Motor Boys International Model Engine Plan Book (2018) [pdf] - app4soft
https://rclibrary.co.uk/files_titles/2122/MotorBoys_ModelEngine_PlanBook.pdf
======
app4soft
Background note from the contributor on its page[0] in _RCLibrary_ [1]:

> _" I am a member of a small but now inactive group called The Motor Boys
> International. As part of our activities we compiled a book of engineering
> drawings for the construction of model aircraft engines. This book was
> published and sold by the AMA (Academy of Model Aeronautics) in 1997, and
> profits from the sales went to support the junior membership of that
> organization. The book is now out of print and unavailable. The web site of
> our Motor Boys Group
> [http://www.modelenginenews.org](http://www.modelenginenews.org) still
> exists but is frozen due to the untimely death of its compiler, our member
> Ron Chernich. In the editorial of the penultimate monthly update of the web
> site in November, Ron decided that in the last issue on December 2003, he
> would make the book available to all in pdf format. Sadly Ron's health was
> such that although the December 2003 issue was published, it did not include
> the pdf version of the book.

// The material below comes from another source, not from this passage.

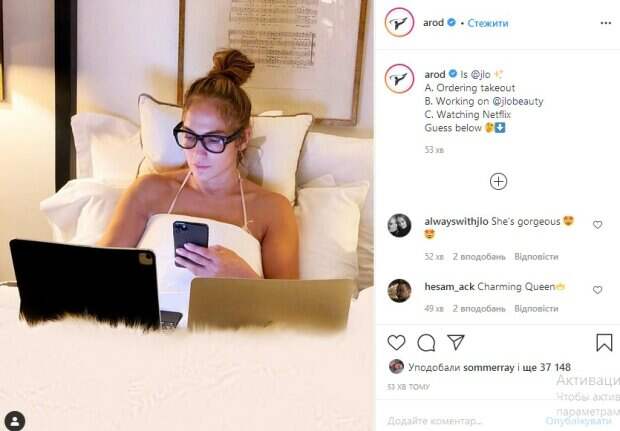 51-летняя голливудская звезда Дженнифер Лопес впечатлила поклонников, показавшись в «домашнем» образе в кровати Как рассказывает Politeka, фотография была опубликована на фан-странице знаменитости в Instagram. Так, певица позирует, умостившись на кровати перед ноутбуком и планшетом. Джей Ло что-то активно печатает, держа в руке телефон.

There are few surviving members of our group,
> but we are agreed that making the book freely available is a good thing to
> do. There were two editions and there were a number of additions and
> corrections that appeared over time. I have scanned my [first edition] book
> and added the additions and corrections which turn it in effect to being
> like the second edition, only better. I have compiled all the pages into a
> single indexed pdf file."_

P.S.: _RCLibrary_ created by author of _OuterZone_ [2] -- the best place for
get free vintage & old-timer plans.

[0]
[https://rclibrary.co.uk/title_details.asp?ID=2122](https://rclibrary.co.uk/title_details.asp?ID=2122)

[1] [https://rclibrary.co.uk](https://rclibrary.co.uk)

[2] [https://outerzone.co.uk](https://outerzone.co.uk)